▶ DATA SHOWN
══════

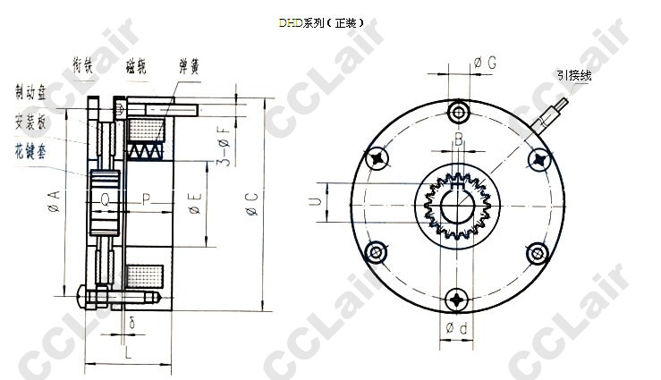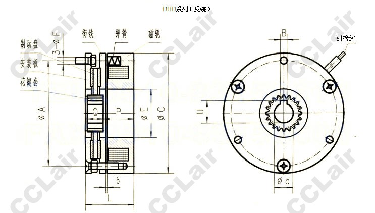 制動(dòng)器由磁軛、勵(lì)磁線圈、彈簧、制動(dòng)盤、銜鐵、花鍵套、安裝鏍釘?shù)冉M成,制動(dòng)器安裝在設(shè)備的法蘭盤(或電動(dòng)機(jī))的后端伸;傳動(dòng)軸與花鍵套與制動(dòng)盤聯(lián)結(jié)。
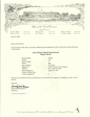 This Colt Police Positive was shipped to the H&D Folsom Arms Company in New York, New York on August 25th, 1941 in a 5 gun shipment.
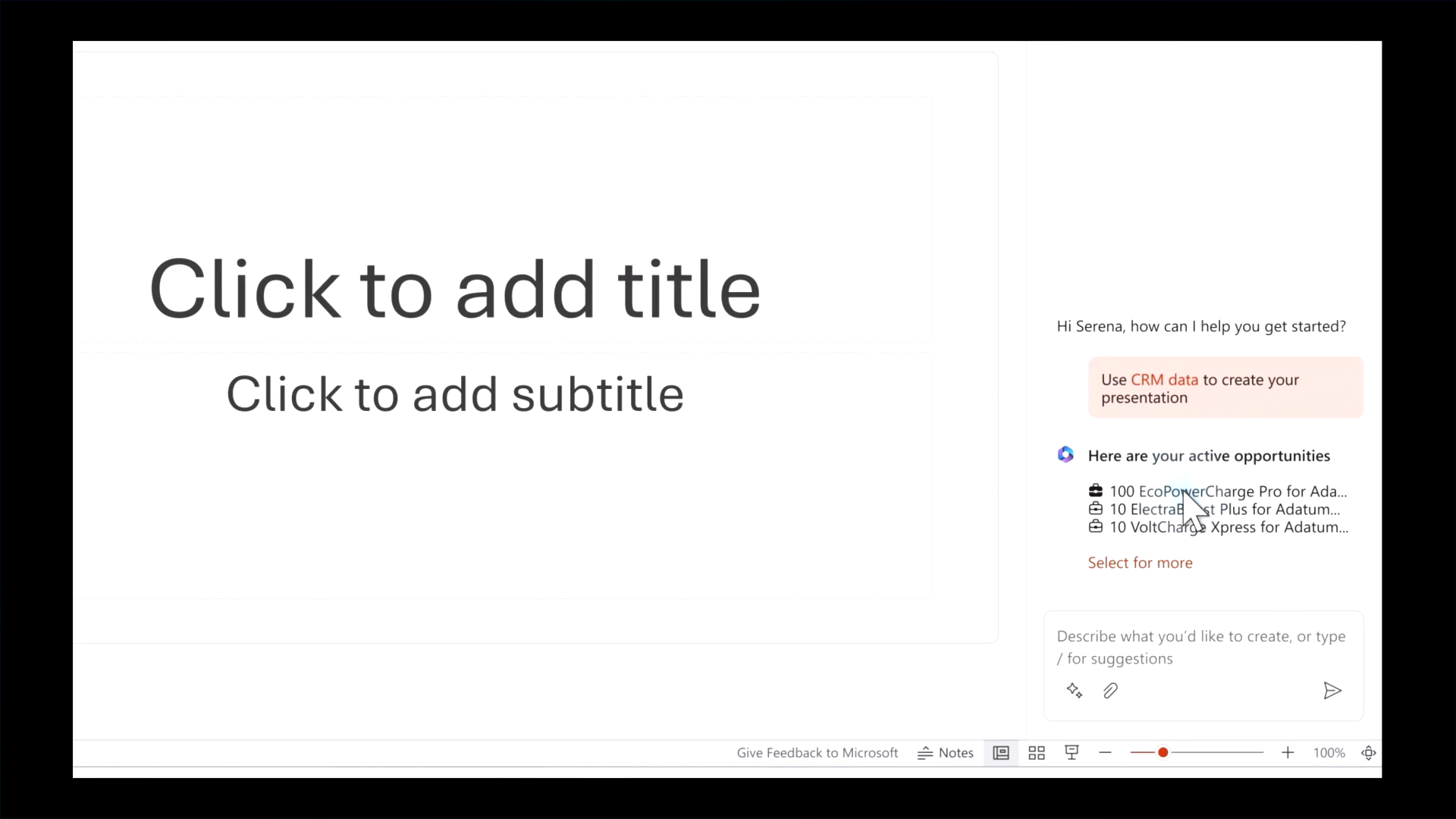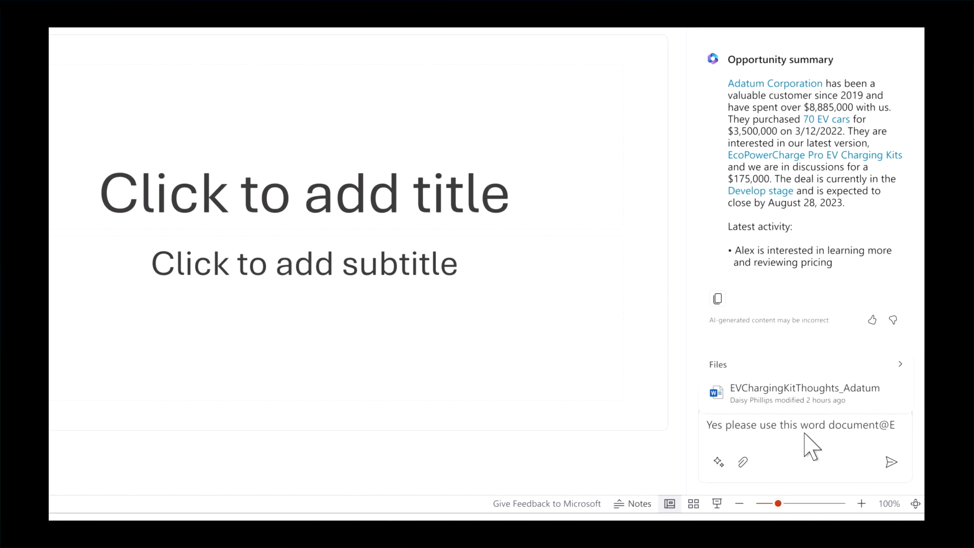 顧客のCRMの情報と、既存のドキュメントに基づいたプレゼンテーションを作成することができます。

══════

▶ WHAT TO DO
Emit an exact copy of the lines from the line bearing "This Colt Police" through the last line above, inclusive, and leave the images out.

▶ THE ANSWER
 This Colt Police Positive was shipped to the H&D Folsom Arms Company in New York, New York on August 25th, 1941 in a 5 gun shipment.
 顧客のCRMの情報と、既存のドキュメントに基づいたプレゼンテーションを作成することができます。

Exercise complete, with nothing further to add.